Inhibition of NAD(P)H:Quinone Acceptor Oxidoreductase by Flavones: A Structure-Activity Study

Abstract

A structure-activity study was carried out to determine the important regions of baicalein and oroxylin A, two flavones isolated from the Chinese herb Scutellariae radix, in inhibiting NAD(P)H:quinone acceptor oxidoreductase (EC 1.6.99.2; DT-diaphorase). This quinone reductase is a vitamin K reductase. It is a target for and has been used as a model enzyme to investigate the mode of action of oral anticoagulants. The two flavones were found to inhibit this quinone reductase in nanomolar ranges.
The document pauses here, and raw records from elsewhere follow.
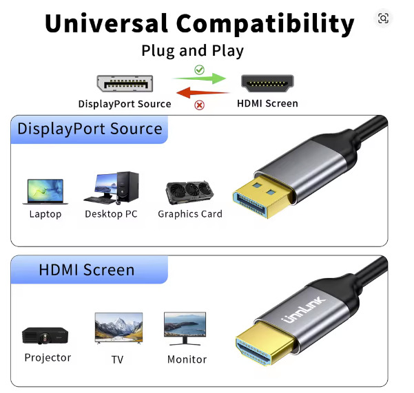 Kizárólag dp to hdmi irányba működik.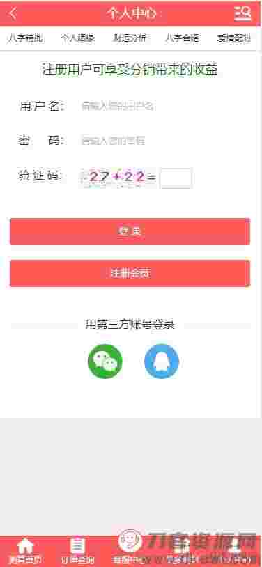 1.微信登陆,支持调起QQ一键登陆,个人中心可以查看分销提成,以及下线推广订单列表等…
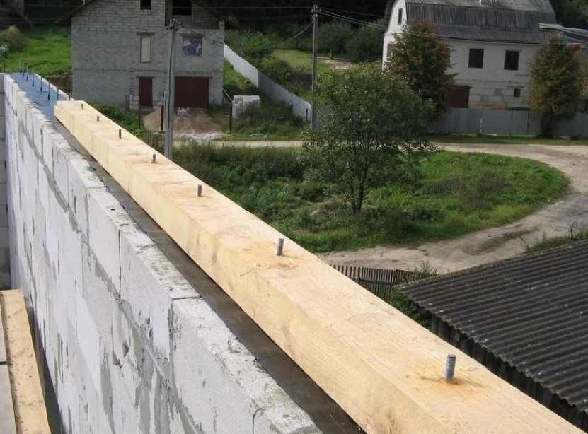 Далее крепят прогон – балку, которую укладывают вдоль мауэрлата – она будет выполнять роль страховки для него.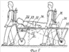 На фиг.5 показана тандемная сцепка двух вышеописанных устройств в сборе. Роль связующего звена в тандеме выполняют носилки (29), которые выполнены либо с вырезом (не показан) в задней части ложа, либо без выреза, причем площадь последнего достаточна для того, чтобы в нее вписалась вертикальная проекция человека, тянущего заднюю половину тандемной сцепки (тележки). Под цифрой (30) показаны поворотные ножки-подставки. На передней тележке внутри грузовой полости выполнена опорная пластина (31), на которую сверху опущена жесткая поворотная пластина (32), которые имеют шарнирно-поворотную связь посредством поворотной оси-штыря (33). На верней части сумки (5) задней тележки жестким образом крепятся соединительные держатели (34). Носилки (29) имеют возможность передними рукоятками фиксированным образом крепиться к поворотной пластине (32), а задними рукоятками – к держателям (34). Кроме того, еще в один вариант комплектации входят два выполненных из прочного материала треугольника жесткости (35), каждый из которых прикреплен к боковым штангам носилок, а также к опорной пластине (31) и, кроме того, посажен на ось колесной пары. Под цифрой (36) показаны фиксирующие лямки.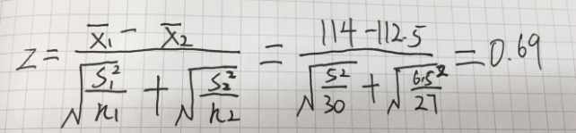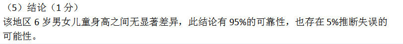 从某地区的6岁儿童中随机抽取男生30人,测得平均身高为114cm,标准差为5cm;抽取女生27人,测得平均身高为112.5cm,标准差为6.5cm。试问:该地区6岁男女儿童身高之间是否存在显著差异?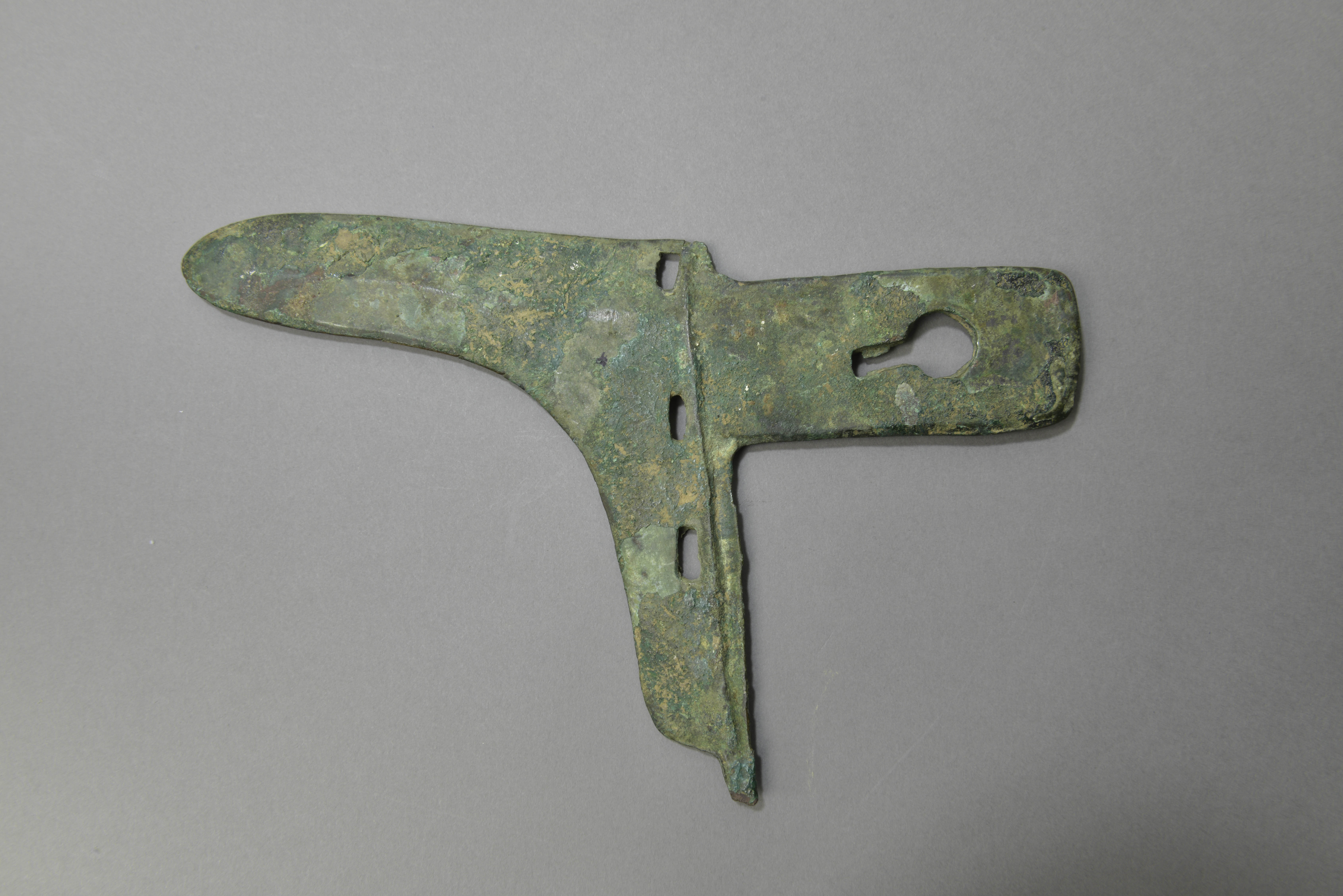 微上扬,中部起脊,弧形尖,长胡,近阑部三穿,长方形,内上勺形穿。

The 5-hydroxyl, 7-hydroxyl, 8-hydroxyl, and 2-phenyl groups of these flavones were found to be important for their inhibition of the enzyme. The inhibition profiles of the flavones on the NADH-menadione reductase activity, the NADH-potassium ferricyanide reductase activity, and the NADH-methyl red reductase activity of this enzyme were different. Therefore, even though the flavones were found to be competitive inhibitors with respect to NADH, they probably did not inhibit the enzyme by binding to the nicotinamide nucleotide binding site. Inhibition kinetic studies which indicated that these compounds bound to different sites than those for dicoumarol and phenindone were performed. These results indicate that these flavones are a new type of inhibitor of NAD(P)H:quinone acceptor oxidoreductase and potentially useful as anticoagulant drugs.